April 10–The Bridges and Tunnels Division of the New York Metropolitan Transportation Authority (MTA) is embarking on a chatbot pilot project called the Collision Accident Reporting System (CARS).
The program is a partnership with Oracle, and will deploy a chatbot for agency employees allowing them to report and document accidents via their smartphones. It will also give managers the ability to examine accident hot spots and make decisions about rebuilding problem infrastructure.
With 10 bridges and tunnels throughout Manhattan, connecting commuters to upstate New York, Connecticut and New Jersey, the agency’s daily undertaking is daunting. While the MTA moves millions of people every day on buses and trains, the Bridges and Tunnels Division is responsible for all vehicles that drive into or out of the city.
“We have trains, buses, and vehicles crossing all those bridges,” said Dyan Ganepola, director of application development for the division. “The authority collects money on one million vehicles a day, the biggest in the nation in terms of volumes.”
MTA hopes to roll out the pilot this summer to about 100 employees in the field. “We will launch in the second half of the year. We still need to get to know how the technology will work, and then work with it to get good value from it for the business,” said Ganepola.

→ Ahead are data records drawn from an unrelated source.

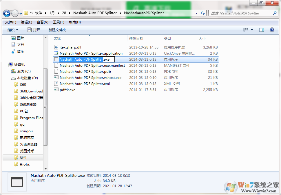 2、解压Nashath Auto PDF Splitter软件,运行文件
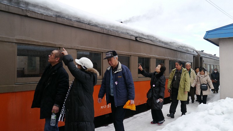 そのうち、このレトロな車両2両がストーブ列車だ。これに乗るには、乗車券の他に300円が必要になる。赤字路線の津軽鉄道の、冬の大事な特別収入だ。
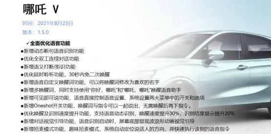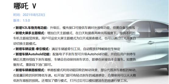 风头正盛的哪吒汽车在8月23日向旗下哪吒V车型推送了1.5.0版本的OTA升级。
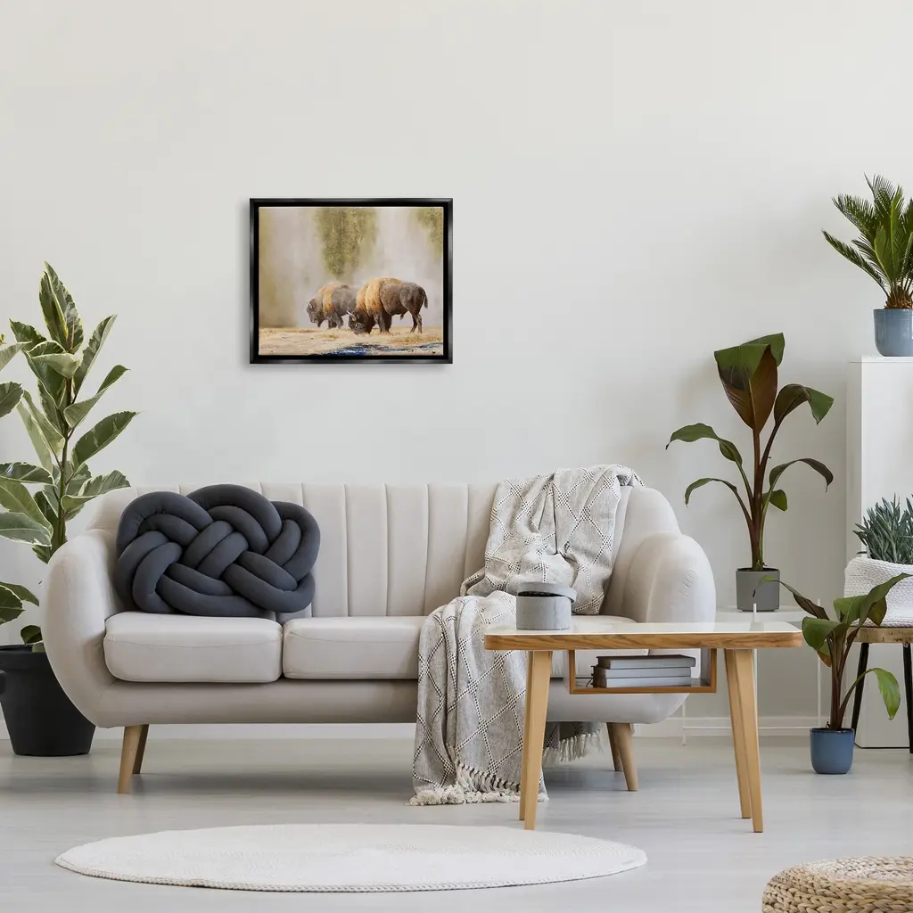 Elevate your home or office to the next level with Stupell Framed Floating Canvas Wall Art. Our premium hand-stretched canvas is mounted securely into a sturdy lightweight frame. The museum-style gap between the wrapped canvas and the box frame gives the illusion of floating artwork. Stupell Wall Art is made in the USA.Features: Dimensions: 21 x 1.7 x 17 Frame, 20 x 1.5 x 16 Canvas ArtFloating Frame Sizes Include Standard: 21 x 1.7 x 17 Oversized: 31 x 1.7 x 25Wall Art is Ready to Hang - No Installation or Hardware Needed. For Easy Set Up Lean or Layer Artwork on Shelf or Against Wall.Our elevated 1.7" Thick Floating Frame is the perfect complement to our canvas style Wall Art. We use only the highest quality inks in house with industry leading printing solutions. Canvas is hand stretched over a durable wood foundation and then mounted securly into a Modern Box Frame. Made in the USA.Artwork Relates To: Animal, Buffalo, Mammal, Wildlife, Bison, PhotographyDesign by Mark Kelso
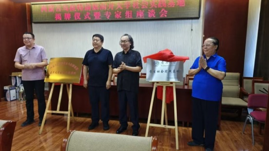接着,公司研究生代表王特日格乐和公司本科生代表郭禹含分别致辞发言。之后,乌拉特前旗党委宣传部长郝民、乌拉特前旗政协主席金山、公司陈巴特尔教授、内蒙古师范大学巴▪孟和教授一起为基地揭牌。

Not only does the transit agency have a massive number of commuters to protect, but it also oversees a large number of employees, including law enforcement and national guardsmen assigned to policing and counter-terrorism activities.
“This will be used by people who are mobile,” said Ganepola. “They will be traveling from place to place, taking care of accidents and law enforcement.”
Officials hope the chatbot project will offer a secure way to communicate about any damage to structures and get information about vehicles involved in traffic accidents. It will also allow them to update station managers so that they can signal drivers about hazards ahead using electronic signage.
The division runs on complicated legacy software that could not be modified to run a chatbot, requiring Oracle to work around it using tailored software.
“They have a complex sort of system that is difficult to modify. It was not a simple swap for something new,” said Suhas Uliyar, vice president for bots, AI and mobile product management at Oracle. “We have produced software that allows us to integrate with the legacy software, which connects to their systems of record.”